Recently, I was looking at a photograph of the Emperor's salle de bains (bathroom, like so many words, sounds more impressive in French) in Napoleon's grand apartment at the Chateau Fontainebleau. The striated white marble walls and black-and-white diamond patterned tile floors looked familiar. Even the bidet, although not a standard fixture in American homes, was self-explanatory. The galvanized tub on its raised platform, edged with an organdy ruffle, did look a bit like a baby's bassinet but the four chairs arranged along the walls brought me up short: the Emperor didn't bathe alone.
As a child, I learned from my mother that, if there is one thing a busy modern woman craves in her bath time, it is near monastic solitude. June liked nothing better than to close the door and sink into a fragrant bubble bath with a good book. (There was a southern window in our bathroom that provided plenty of light.) If a child knocked on the door, she called out her usual advice: "Go read your book."
There are other ideas on how to take a bath. The caricature (at right) was included in a letter from Dante Gabriel Rossetti to Jane Morris, wife of architect and aesthete William Morris. It shows Jane in the bath tub, apparently drinking a glass of wine, as her husband reads to her. Rossetti captioned it: "To drink bath water is better than to listen Morris read the 7 volumes of his new book The Earthly Paradise." (1868) The glasses lined up by the tub look inviting, though.
The two well-muscled 'mer-men' holding up Aphrodite look charming in Georges Barbier's illustration for the book, Aphrodite: Antiques Moers (1928 edition) by Pierre Louys, but it takes a goddess to relax so nonchalantly, above it all. I'll take the solitary bubble bath.
The two well-muscled 'mer-men' holding up Aphrodite look charming in Georges Barbier's illustration for the book, Aphrodite: Antiques Moers (1928 edition) by Pierre Louys, but it takes a goddess to relax so nonchalantly, above it all. I'll take the solitary bubble bath.
Image: Leonardo Cremonini - Les Parenthese de l'Eaux, 1968, Pompidou Center, Paris.
6 comments:
I'm with you - solitary baths all the way. To think of having an entourage standing around while one bathes is horrifying to me! I would think royalty would have *wanted* some privacy now and then?

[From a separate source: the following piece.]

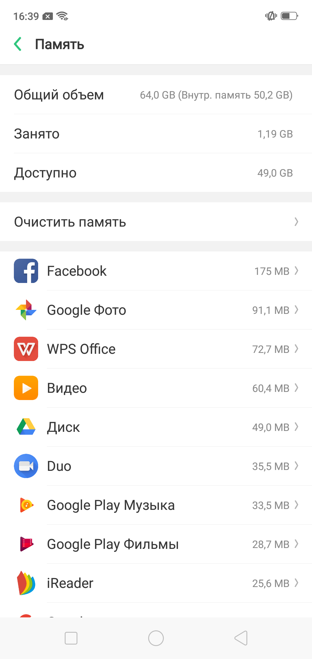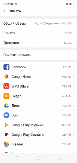 - Оперативная память (RAM) 4 ГБ, внутренняя память 64 ГБ

Wonderfully funny Rossetti sketch. Have you seen the Desperate Romantics television skit on the pre-Raphaelites in the USA yet? Pedants may scoff, but I think Rossetti at least would have enjoyed it. And so interesting to see the Cremonini, I've found very little information on him.

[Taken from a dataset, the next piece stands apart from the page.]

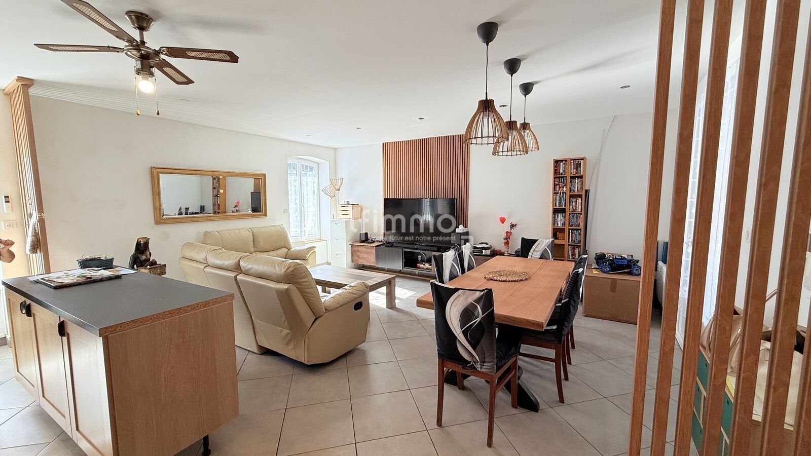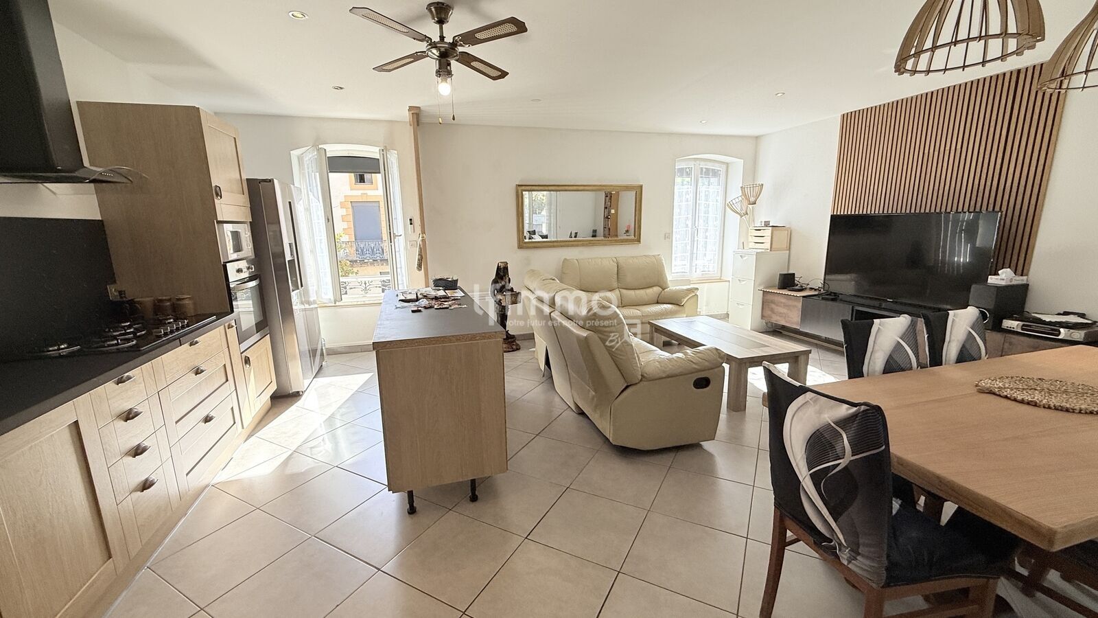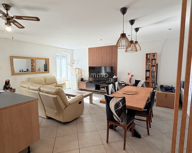 Centre village, agréable maison de ville rénovée avec gout offrant une partie maison de 109 m² séjour cuisine américaine ouverte de 37 m² , wc,

Oh I love those Mer-Men. And the lady sipping bath water - ugh! But it's a funny illustration. Wonderful picture of the lady scrubbing her back. The place looks "gauzy" like it might be a bit steamy there.
Aida, sometimes in historical narratives, you read about royalty conducting meetings with their advisors while they bathed or dressed. Apparently, the sense of private time is quite flexible.
Neil, I like the sound of "Deserate Romantics." I'll look for it. As to Leonardo Cremonini, he is from Bologna and, after World War II ended, lived in France, including at least one summer in Brittany. Born in 1925, his work caught the attention of Peggy Guggenheim around 1949-1940, when he was in Venice, and gallery shows in New York followed. An entire room at the 1964 Venice Bienniale was devoted to Cremonini's work. Most commentators, including Umberto Eco, point to the ambiguity built into his paintings, often hinting at distraction or sexuality. I see in some pictures echoes of surrealism.
Jeanne, isn't it interesting that Barbier uses (mer) men as decorations, a role usually filled by women in art? Jane Morris may have been "sipping" bath water but thanks to her architect-husband, that's a rather modern bath tub for 1869. As for Cremonini, who likes to uses mirrors and their reflections in his paintings, the detective in me noticed that the bathroom mirror is inexplicably NOT steamed up.